WHAT YOU ARE ASKED TO DO →
A single number is required: how many lines below include the string "music".

DATA TO USE →
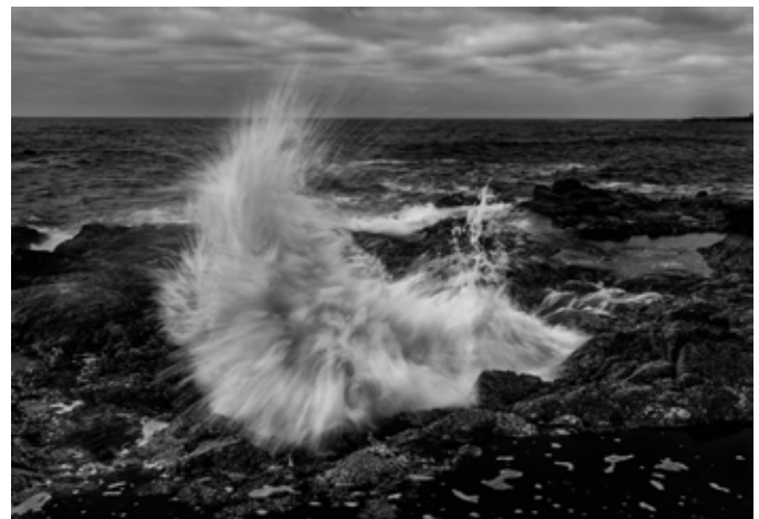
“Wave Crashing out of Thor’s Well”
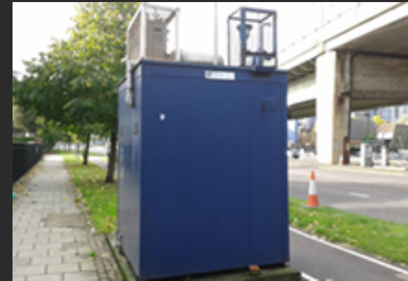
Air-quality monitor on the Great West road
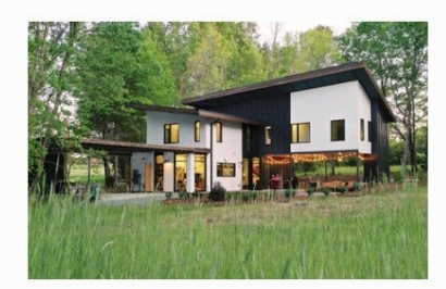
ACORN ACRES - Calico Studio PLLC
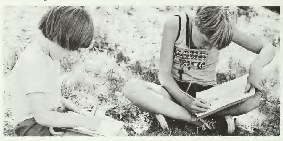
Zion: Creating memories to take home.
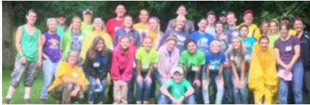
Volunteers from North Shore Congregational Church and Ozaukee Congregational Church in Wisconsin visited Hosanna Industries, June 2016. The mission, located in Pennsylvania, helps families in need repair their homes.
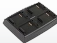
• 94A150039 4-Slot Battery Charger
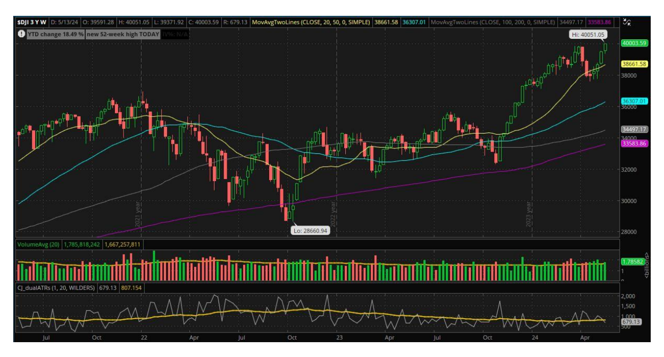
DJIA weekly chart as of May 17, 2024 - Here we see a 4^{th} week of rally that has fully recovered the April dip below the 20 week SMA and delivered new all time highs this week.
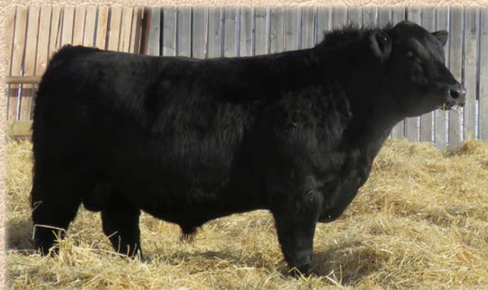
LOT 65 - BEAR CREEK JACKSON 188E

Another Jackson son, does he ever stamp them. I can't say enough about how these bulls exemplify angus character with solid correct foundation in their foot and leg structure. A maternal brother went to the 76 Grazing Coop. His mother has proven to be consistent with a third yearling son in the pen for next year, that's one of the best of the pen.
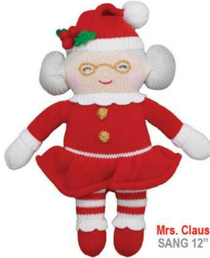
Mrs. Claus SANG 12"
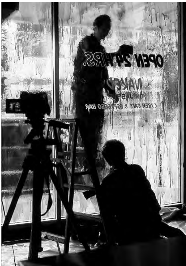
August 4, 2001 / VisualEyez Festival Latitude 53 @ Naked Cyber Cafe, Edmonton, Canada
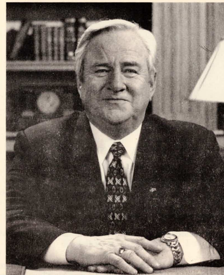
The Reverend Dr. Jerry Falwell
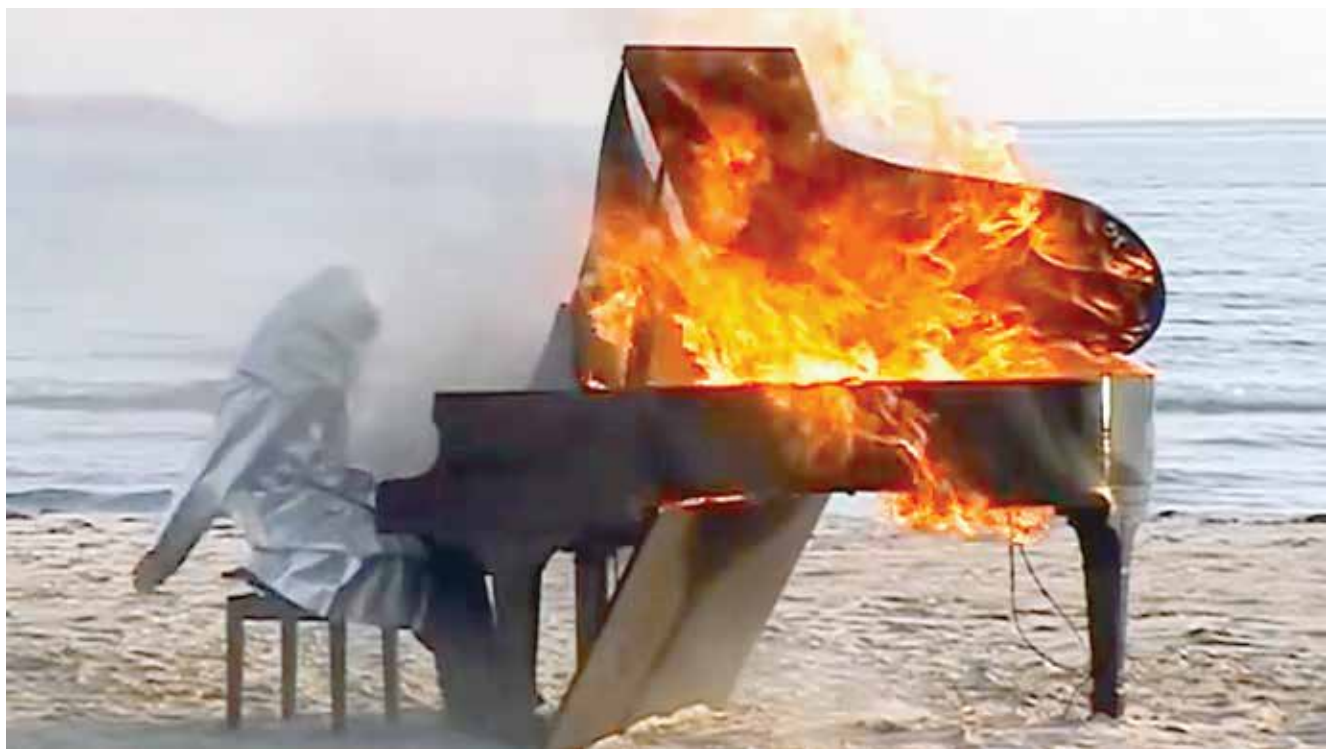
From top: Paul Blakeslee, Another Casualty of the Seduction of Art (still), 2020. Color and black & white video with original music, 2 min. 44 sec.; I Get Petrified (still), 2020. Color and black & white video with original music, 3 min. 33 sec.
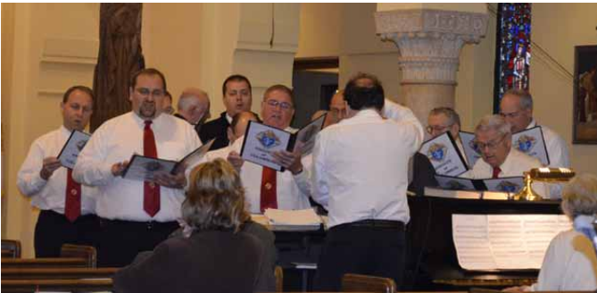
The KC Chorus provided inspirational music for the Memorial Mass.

RESPONSE AREA →
2